Below are records with pictures. Transcribe exactly, and only, the lines from the line with "It now generates" to the line with "主事さん方が一輪車の整備をし", both ends included, but not the pictures.

-- MATERIAL TO PROCESS follows --

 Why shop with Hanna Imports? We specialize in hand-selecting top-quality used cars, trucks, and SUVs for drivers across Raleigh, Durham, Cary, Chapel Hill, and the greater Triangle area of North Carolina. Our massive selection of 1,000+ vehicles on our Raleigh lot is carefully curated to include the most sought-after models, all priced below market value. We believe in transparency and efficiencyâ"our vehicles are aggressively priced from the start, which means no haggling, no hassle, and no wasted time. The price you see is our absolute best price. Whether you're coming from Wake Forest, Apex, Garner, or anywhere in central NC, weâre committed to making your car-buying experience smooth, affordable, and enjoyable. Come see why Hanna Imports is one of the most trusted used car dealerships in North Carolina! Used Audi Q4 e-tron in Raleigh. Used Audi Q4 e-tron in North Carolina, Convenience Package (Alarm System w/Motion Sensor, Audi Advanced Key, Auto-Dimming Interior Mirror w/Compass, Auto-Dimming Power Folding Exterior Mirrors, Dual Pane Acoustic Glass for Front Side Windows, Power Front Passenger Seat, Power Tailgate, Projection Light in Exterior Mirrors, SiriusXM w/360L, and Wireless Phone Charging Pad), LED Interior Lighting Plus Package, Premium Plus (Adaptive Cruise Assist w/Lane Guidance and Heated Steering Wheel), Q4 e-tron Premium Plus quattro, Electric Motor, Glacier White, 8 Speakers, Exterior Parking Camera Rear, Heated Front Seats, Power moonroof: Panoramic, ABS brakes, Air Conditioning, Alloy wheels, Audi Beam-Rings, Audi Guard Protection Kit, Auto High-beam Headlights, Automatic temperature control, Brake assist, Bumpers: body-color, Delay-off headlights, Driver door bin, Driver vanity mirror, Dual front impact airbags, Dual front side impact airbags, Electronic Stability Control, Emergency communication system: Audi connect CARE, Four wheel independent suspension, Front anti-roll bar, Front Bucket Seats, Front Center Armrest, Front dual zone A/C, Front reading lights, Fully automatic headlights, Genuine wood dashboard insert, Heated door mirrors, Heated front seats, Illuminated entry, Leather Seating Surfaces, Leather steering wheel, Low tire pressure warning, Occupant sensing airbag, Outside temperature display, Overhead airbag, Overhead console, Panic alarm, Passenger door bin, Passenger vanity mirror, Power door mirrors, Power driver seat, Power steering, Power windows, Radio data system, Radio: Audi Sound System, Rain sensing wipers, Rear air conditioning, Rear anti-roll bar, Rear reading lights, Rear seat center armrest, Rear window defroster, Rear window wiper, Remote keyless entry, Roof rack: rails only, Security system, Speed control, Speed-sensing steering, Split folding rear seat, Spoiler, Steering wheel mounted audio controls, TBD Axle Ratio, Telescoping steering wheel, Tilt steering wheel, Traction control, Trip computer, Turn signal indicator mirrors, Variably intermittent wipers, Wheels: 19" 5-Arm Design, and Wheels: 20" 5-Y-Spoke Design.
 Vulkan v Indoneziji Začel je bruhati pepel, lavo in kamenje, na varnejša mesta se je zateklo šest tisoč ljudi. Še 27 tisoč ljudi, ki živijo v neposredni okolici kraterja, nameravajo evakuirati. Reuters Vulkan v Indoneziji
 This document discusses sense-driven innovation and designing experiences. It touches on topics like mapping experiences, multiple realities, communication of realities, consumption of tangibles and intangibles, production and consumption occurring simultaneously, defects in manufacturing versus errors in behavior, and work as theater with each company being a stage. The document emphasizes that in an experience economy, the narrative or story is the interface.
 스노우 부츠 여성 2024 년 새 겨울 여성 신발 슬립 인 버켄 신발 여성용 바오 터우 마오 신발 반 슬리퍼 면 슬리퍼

-- MATERIAL TO PROCESS concluded --
-- MATERIAL TO PROCESS follows --

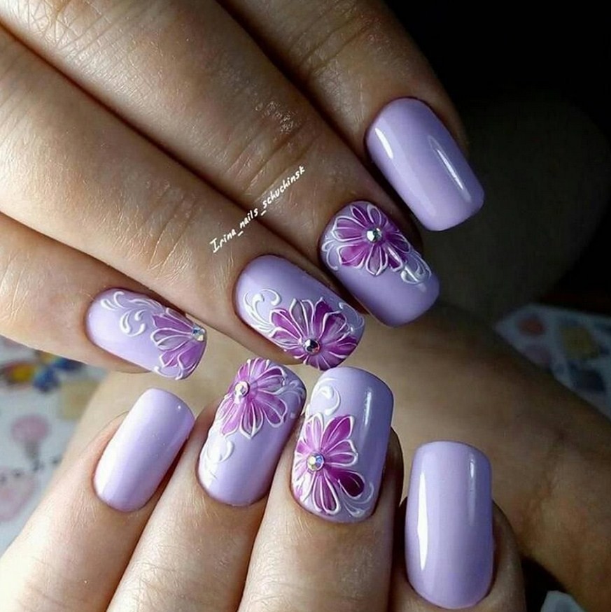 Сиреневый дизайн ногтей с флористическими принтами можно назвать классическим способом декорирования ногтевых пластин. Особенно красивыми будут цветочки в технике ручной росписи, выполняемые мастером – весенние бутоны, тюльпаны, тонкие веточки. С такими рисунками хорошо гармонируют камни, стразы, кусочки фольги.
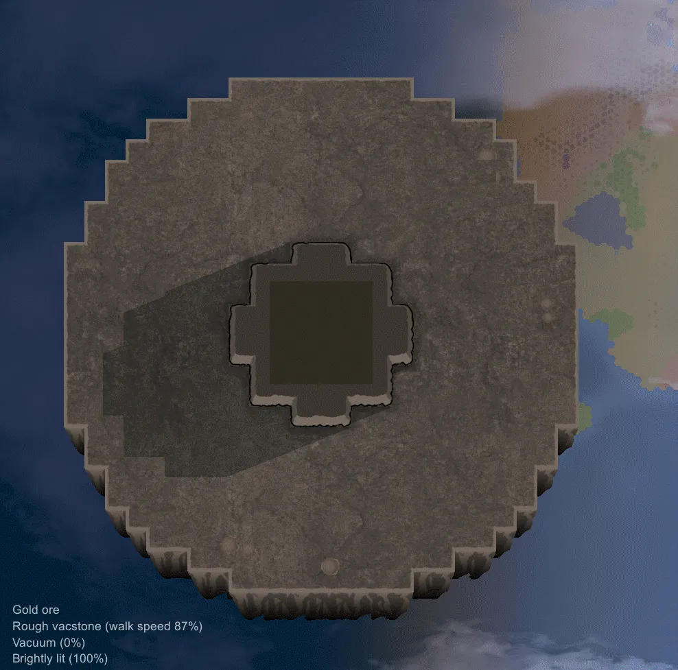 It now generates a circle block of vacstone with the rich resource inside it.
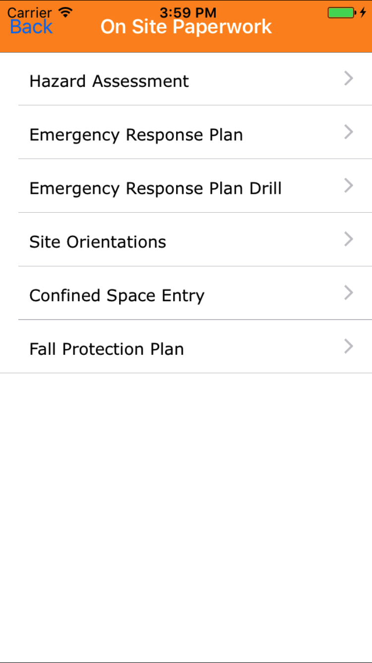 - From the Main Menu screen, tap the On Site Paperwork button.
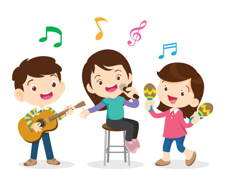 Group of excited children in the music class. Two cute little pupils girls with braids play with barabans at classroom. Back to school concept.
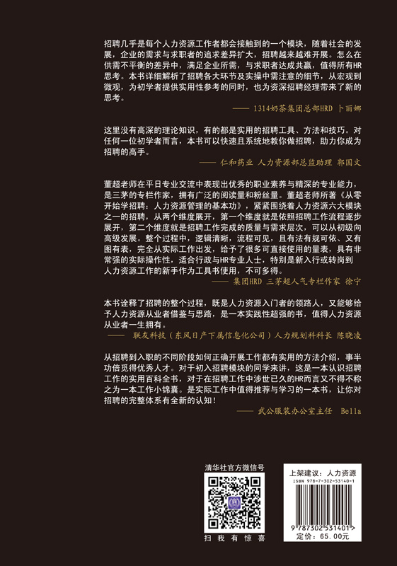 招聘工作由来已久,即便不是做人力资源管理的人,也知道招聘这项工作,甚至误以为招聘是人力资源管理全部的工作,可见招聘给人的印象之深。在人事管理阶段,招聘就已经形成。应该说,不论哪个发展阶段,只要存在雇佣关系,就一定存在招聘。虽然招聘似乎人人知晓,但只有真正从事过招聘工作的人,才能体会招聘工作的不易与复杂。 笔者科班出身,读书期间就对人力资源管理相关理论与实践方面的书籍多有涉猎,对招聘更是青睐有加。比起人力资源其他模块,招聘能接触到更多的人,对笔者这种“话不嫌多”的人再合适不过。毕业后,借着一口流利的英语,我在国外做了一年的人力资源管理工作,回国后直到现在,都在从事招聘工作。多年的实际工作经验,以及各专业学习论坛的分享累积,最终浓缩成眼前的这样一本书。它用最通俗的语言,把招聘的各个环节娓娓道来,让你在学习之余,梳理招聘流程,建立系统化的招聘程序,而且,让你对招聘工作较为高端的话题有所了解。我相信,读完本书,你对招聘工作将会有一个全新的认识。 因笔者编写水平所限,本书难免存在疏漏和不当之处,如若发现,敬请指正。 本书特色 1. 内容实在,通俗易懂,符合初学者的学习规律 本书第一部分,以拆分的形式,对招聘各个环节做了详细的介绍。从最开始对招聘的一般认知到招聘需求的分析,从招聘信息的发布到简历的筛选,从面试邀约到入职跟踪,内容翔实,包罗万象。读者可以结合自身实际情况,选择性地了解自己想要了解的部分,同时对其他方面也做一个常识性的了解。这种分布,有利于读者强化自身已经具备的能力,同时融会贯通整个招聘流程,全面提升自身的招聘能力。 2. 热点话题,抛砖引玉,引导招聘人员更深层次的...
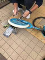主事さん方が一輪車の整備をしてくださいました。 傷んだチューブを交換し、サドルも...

-- MATERIAL TO PROCESS concluded --

OUTPUT FOR THIS TASK:
 It now generates a circle block of vacstone with the rich resource inside it.
 - From the Main Menu screen, tap the On Site Paperwork button.
 Group of excited children in the music class. Two cute little pupils girls with braids play with barabans at classroom. Back to school concept.
 招聘工作由来已久,即便不是做人力资源管理的人,也知道招聘这项工作,甚至误以为招聘是人力资源管理全部的工作,可见招聘给人的印象之深。在人事管理阶段,招聘就已经形成。应该说,不论哪个发展阶段,只要存在雇佣关系,就一定存在招聘。虽然招聘似乎人人知晓,但只有真正从事过招聘工作的人,才能体会招聘工作的不易与复杂。 笔者科班出身,读书期间就对人力资源管理相关理论与实践方面的书籍多有涉猎,对招聘更是青睐有加。比起人力资源其他模块,招聘能接触到更多的人,对笔者这种“话不嫌多”的人再合适不过。毕业后,借着一口流利的英语,我在国外做了一年的人力资源管理工作,回国后直到现在,都在从事招聘工作。多年的实际工作经验,以及各专业学习论坛的分享累积,最终浓缩成眼前的这样一本书。它用最通俗的语言,把招聘的各个环节娓娓道来,让你在学习之余,梳理招聘流程,建立系统化的招聘程序,而且,让你对招聘工作较为高端的话题有所了解。我相信,读完本书,你对招聘工作将会有一个全新的认识。 因笔者编写水平所限,本书难免存在疏漏和不当之处,如若发现,敬请指正。 本书特色 1. 内容实在,通俗易懂,符合初学者的学习规律 本书第一部分,以拆分的形式,对招聘各个环节做了详细的介绍。从最开始对招聘的一般认知到招聘需求的分析,从招聘信息的发布到简历的筛选,从面试邀约到入职跟踪,内容翔实,包罗万象。读者可以结合自身实际情况,选择性地了解自己想要了解的部分,同时对其他方面也做一个常识性的了解。这种分布,有利于读者强化自身已经具备的能力,同时融会贯通整个招聘流程,全面提升自身的招聘能力。 2. 热点话题,抛砖引玉,引导招聘人员更深层次的...
主事さん方が一輪車の整備をしてくださいました。 傷んだチューブを交換し、サドルも...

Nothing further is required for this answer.